Some small square sheets of corrugated iron had been set out to act as refugia for the resident slow worms and snakes. Sitting on the edge of one of these sheets was a segmented, rather hairy, caterpillar-like insect. I was completely stumped. I just about managed to get a photo with my phone and as soon as I got home I turned to the internet for help. iSpot is a very useful resource for these baffling discoveries – experts and amateurs alike will help with an ID of any species from a photo and some habitat information. Within a matter of hours I had an ID of Drilus flavescens. Turns out my insect was the female larva of a highly sexually dimorphic beetle found in chalk grasslands.
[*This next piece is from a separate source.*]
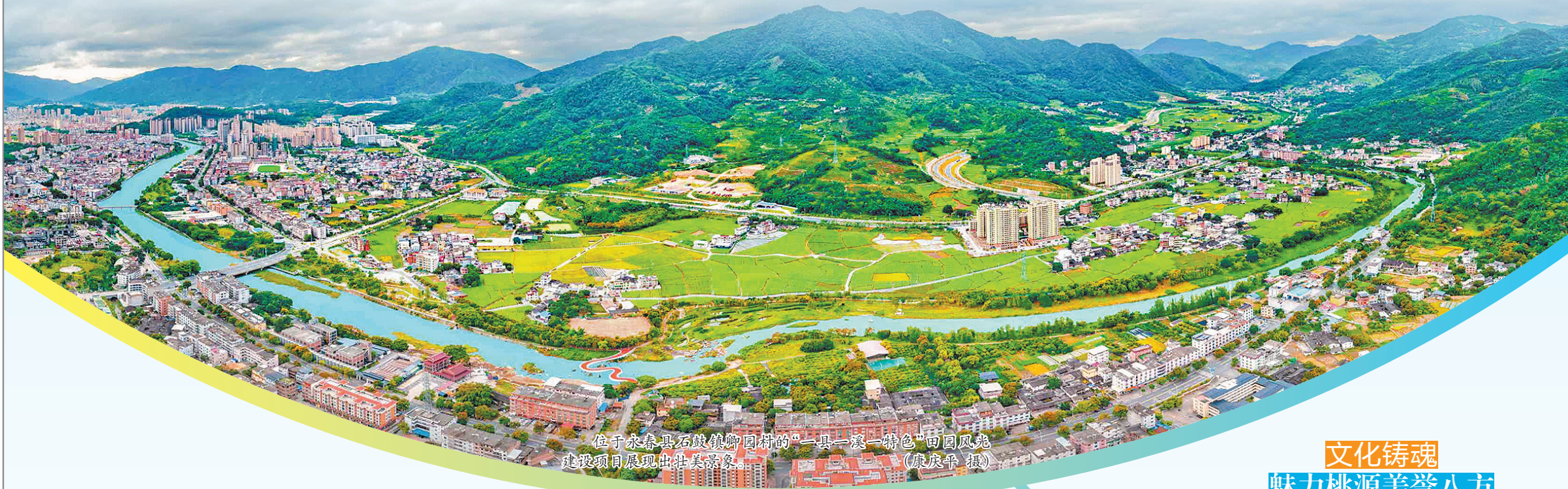
位于永春县石鼓镇卿园村的“一县一溪一特色”田园风貌建设项目展现出壮美景象。

It has a very limited range and is classified as scarce in the UK. Fascinatingly, the males look more like traditional beetles as adults, while the females remain looking much like their larval form. You can find more information at Mark Telfer’s excellent website here.
A visit to a chalk grassland in Summer is a complete sensory immersion. I implore you to go and walk through the grasses skirting the ant mounds; smell the heady herby scents of wild thyme and oregano as you brush past; be surrounded by the buzzing of bees and flies and the soft susuration of grasshoppers; and be dazzled by the sight of brightly-coloured flowers and dancing butterflies. These are spaces that celebrate the wonder of life. I am heartily looking forward to another visit this year.
Price, E.A.C. (2003) Lowland Grassland and Heathland Habitats (Habitat Guides Series), Routledge, London and New York.